For most small and mid-sized businesses, Microsoft 365 is the business: email, files, Teams, calendars and the identities that tie them together. That also makes it the single most valuable target an attacker can hit, and the default settings are not as locked down as most owners assume. The good news is that the controls to secure it are usually already included in the plans you own. This checklist walks through the highest-impact steps, in order, to protect your accounts, email, data and devices.
Why Microsoft 365 is attackers' favorite target
When an attacker gets into one Microsoft 365 account, they often get the keys to the business: the inbox, the files in OneDrive and SharePoint, the contacts, and a trusted identity to attack everyone else from. That's why credential theft and business email compromise consistently cause the most financial damage to small businesses.
A single reused or phished password can be enough. From inside a mailbox, attackers quietly read messages, set up forwarding rules, and wait for a real invoice or wire request to hijack. Securing Microsoft 365 is less about exotic threats and more about closing the doors that get tried first.
Lock down accounts first
Identity is the new perimeter. Before anything else, make a stolen password useless on its own by requiring multi-factor authentication, and reduce the ways an attacker can get in at all.
Administrator accounts are the highest-value targets, so they need the strongest protection and should be used sparingly. Day-to-day work should never happen from a global admin account.
- Require multi-factor authentication for every user, no exceptions
- Use Conditional Access to block risky sign-ins and legacy authentication
- Protect and minimize admin accounts; use separate accounts for admin tasks
- Disable legacy protocols (POP, IMAP, basic auth) that bypass MFA
- Enforce strong, unique passwords and alert on impossible-travel sign-ins
Secure email, the number-one attack vector
Most breaches start in the inbox. Microsoft 365 includes layered email protection, but key pieces are often left off or unconfigured. Turning them on dramatically cuts phishing and impersonation.
Email authentication records (SPF, DKIM and DMARC) are easy to overlook and quietly critical: they stop attackers from spoofing your domain and help your legitimate mail land. Pair them with anti-phishing policies and link and attachment scanning.
- Enable anti-phishing, Safe Links and Safe Attachments policies
- Configure SPF, DKIM and DMARC so your domain can't be spoofed
- Tag external email so staff can spot impersonation at a glance
- Alert on suspicious mailbox forwarding rules, a classic compromise sign
- Make reporting phishing a single click, and train staff to use it
Protect your data and devices
Once accounts and email are secure, control where your data can go and what happens on the devices that touch it. Oversharing in SharePoint and OneDrive, and unmanaged personal devices, are common quiet risks.
One thing many owners get wrong: Microsoft does not back up your data for you. Under Microsoft's shared-responsibility model, you are responsible for retaining and recovering your own content, so a separate, tested Microsoft 365 backup is essential to recover from accidental deletion, ransomware or a departing employee.

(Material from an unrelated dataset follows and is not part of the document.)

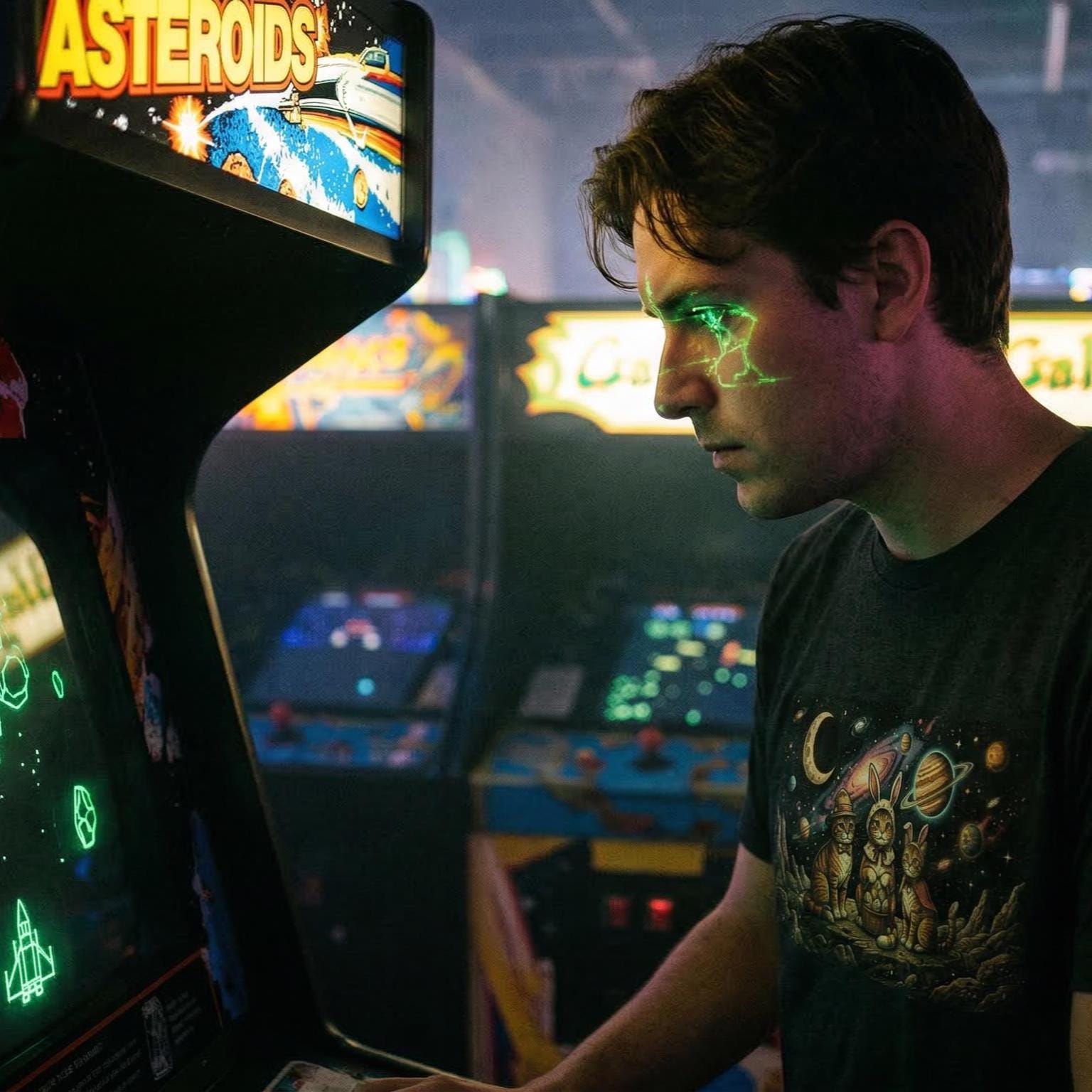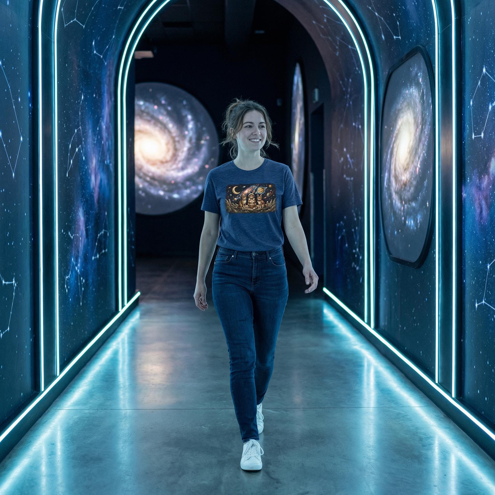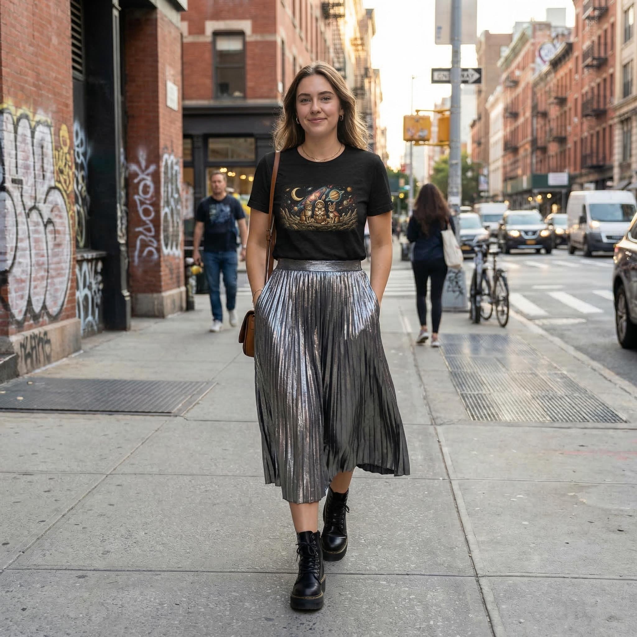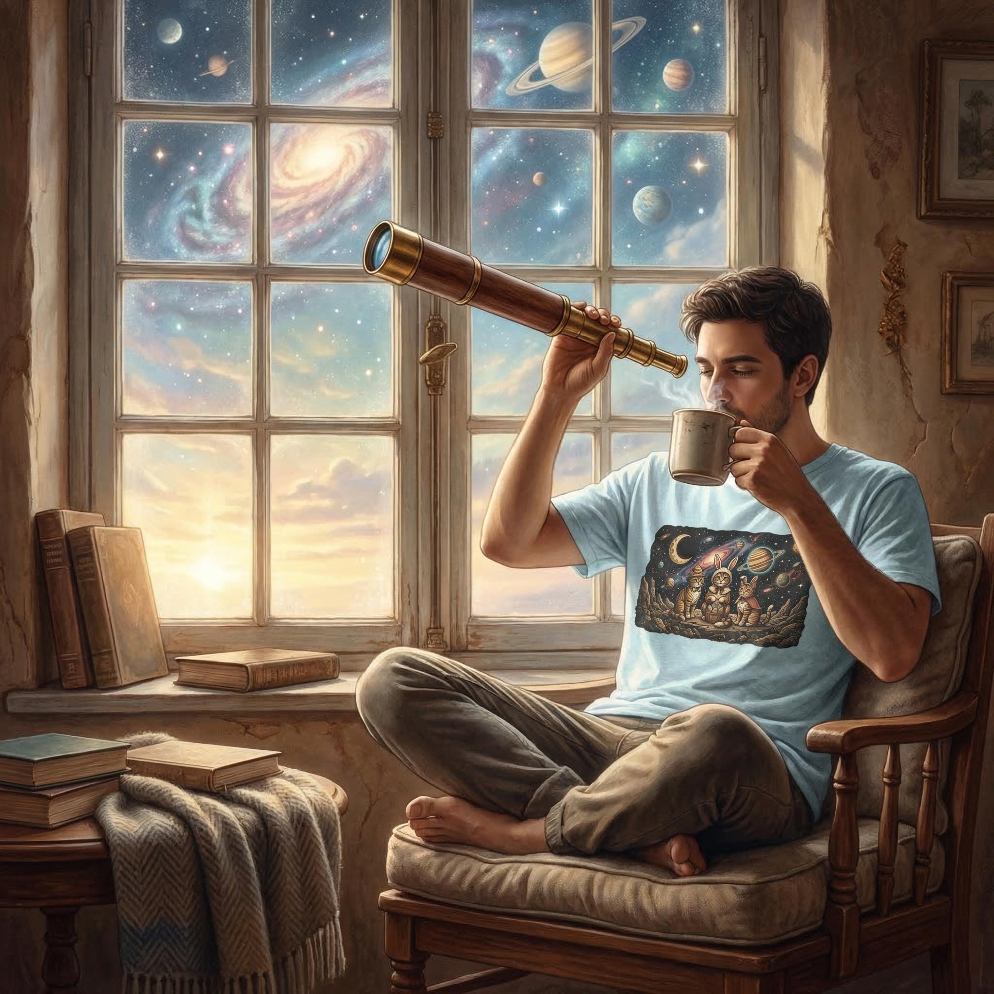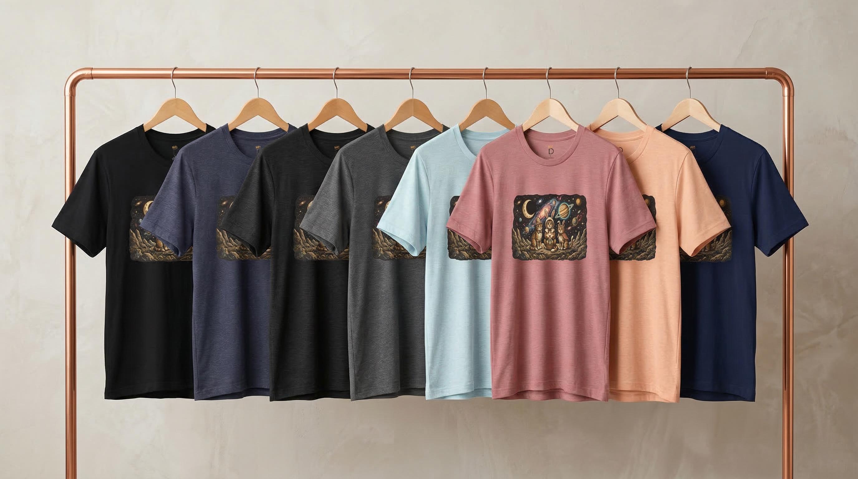 Why stay grounded when you can celebrate among the stars? Our "Cosmic Easter" tee features a high-detail illustration of three space-faring kittens in their finest bunny costumes, sitting on a rocky asteroid with their basket of interstellar eggs. With a vivid background of a purple nebula and a ringed Saturn-like planet, this design captures the magic of the universe and the sweetness of the season.

- Add a third-party Microsoft 365 backup; Microsoft does not back up your data for you
- Review external sharing settings in SharePoint and OneDrive
- Use data-loss-prevention rules to stop sensitive data from leaving
- Manage devices (Intune) so only healthy, encrypted devices get access
- Set retention policies appropriate to your industry
Turn on the security you already pay for, including Copilot
Microsoft gives you a built-in scorecard called Secure Score that measures your configuration and recommends prioritized improvements. It's the fastest way to see where you stand and what to fix next.
If you're adding Microsoft 365 Copilot, governance matters: Copilot can surface any content a user already has access to, so messy SharePoint permissions become a data-exposure risk. Tighten access and turn on audit logging before rolling it out broadly. Note that the strongest controls, like Conditional Access, data-loss prevention and Intune, typically require Microsoft 365 Business Premium or higher, which is well worth it for most businesses.
- Check Microsoft Secure Score and work the prioritized recommendations
- Turn on unified audit logging so you can investigate incidents
- Right-size SharePoint and OneDrive permissions before deploying Copilot
- Confirm your licensing (Business Premium) includes the controls you need
- Review security settings on a schedule; defaults and threats both change
Key Takeaways
- One compromised Microsoft 365 account can expose your whole business; identity comes first.
- MFA, Conditional Access and disabling legacy auth stop the most common attacks.
- Email is the top attack vector: enable anti-phishing and set SPF, DKIM and DMARC.
- Microsoft does not back up your data; a separate, tested backup is essential.
- Use Secure Score, and fix SharePoint permissions before rolling out Copilot.